(Data for analysis begins)

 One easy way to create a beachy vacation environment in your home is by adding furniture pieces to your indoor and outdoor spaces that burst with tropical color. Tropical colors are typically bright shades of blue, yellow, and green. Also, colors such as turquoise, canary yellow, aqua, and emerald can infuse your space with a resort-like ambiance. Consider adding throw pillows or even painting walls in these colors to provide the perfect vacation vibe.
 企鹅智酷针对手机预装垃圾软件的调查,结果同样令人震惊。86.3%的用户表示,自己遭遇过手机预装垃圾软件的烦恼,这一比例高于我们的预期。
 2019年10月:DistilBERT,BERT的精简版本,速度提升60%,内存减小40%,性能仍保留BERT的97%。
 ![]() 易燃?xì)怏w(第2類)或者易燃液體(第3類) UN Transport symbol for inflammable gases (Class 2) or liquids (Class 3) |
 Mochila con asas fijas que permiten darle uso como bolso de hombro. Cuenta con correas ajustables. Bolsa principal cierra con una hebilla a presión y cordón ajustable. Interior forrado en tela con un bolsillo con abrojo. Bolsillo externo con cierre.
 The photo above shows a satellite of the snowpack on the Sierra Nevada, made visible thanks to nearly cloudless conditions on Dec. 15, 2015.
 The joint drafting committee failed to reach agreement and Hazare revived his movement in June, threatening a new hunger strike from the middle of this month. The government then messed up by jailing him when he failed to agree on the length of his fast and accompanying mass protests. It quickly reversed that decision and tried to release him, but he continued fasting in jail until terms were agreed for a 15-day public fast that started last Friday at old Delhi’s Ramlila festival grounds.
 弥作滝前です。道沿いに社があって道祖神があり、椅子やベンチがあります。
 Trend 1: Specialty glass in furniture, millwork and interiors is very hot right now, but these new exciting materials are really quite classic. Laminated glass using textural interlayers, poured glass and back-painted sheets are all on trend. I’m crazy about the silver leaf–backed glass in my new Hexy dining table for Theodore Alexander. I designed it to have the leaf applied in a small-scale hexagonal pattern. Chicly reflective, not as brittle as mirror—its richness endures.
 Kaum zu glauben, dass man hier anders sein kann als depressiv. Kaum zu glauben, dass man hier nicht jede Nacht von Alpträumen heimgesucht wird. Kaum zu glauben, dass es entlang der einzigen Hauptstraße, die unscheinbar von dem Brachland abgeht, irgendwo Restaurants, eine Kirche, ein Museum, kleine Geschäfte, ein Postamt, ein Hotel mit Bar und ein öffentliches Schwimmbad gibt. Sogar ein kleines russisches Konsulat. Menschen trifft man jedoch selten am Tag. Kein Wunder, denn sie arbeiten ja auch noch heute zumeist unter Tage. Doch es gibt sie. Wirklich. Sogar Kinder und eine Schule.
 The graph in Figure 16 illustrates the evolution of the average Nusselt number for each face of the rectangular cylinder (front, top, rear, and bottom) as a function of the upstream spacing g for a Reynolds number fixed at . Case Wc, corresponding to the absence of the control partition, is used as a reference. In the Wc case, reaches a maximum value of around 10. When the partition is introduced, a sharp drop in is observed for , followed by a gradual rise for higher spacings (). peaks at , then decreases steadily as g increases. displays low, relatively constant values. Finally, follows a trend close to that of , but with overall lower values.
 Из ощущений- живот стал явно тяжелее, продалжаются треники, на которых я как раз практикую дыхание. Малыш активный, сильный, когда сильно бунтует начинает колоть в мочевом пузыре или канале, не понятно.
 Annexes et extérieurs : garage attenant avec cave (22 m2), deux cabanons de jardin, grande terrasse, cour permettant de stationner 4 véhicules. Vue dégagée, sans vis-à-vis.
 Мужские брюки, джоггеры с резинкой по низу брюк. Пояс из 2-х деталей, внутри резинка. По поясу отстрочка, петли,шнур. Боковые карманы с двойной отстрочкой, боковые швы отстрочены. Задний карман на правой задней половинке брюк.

(Data for analysis ends)

Exercise:
Which lines belong in the answer? Exactly those from the first line of the entries through the line holding "企鹅智酷针对手机预装垃圾软件", inclusive, copied unchanged.

Solution to this task:
 One easy way to create a beachy vacation environment in your home is by adding furniture pieces to your indoor and outdoor spaces that burst with tropical color. Tropical colors are typically bright shades of blue, yellow, and green. Also, colors such as turquoise, canary yellow, aqua, and emerald can infuse your space with a resort-like ambiance. Consider adding throw pillows or even painting walls in these colors to provide the perfect vacation vibe.
 企鹅智酷针对手机预装垃圾软件的调查,结果同样令人震惊。86.3%的用户表示,自己遭遇过手机预装垃圾软件的烦恼,这一比例高于我们的预期。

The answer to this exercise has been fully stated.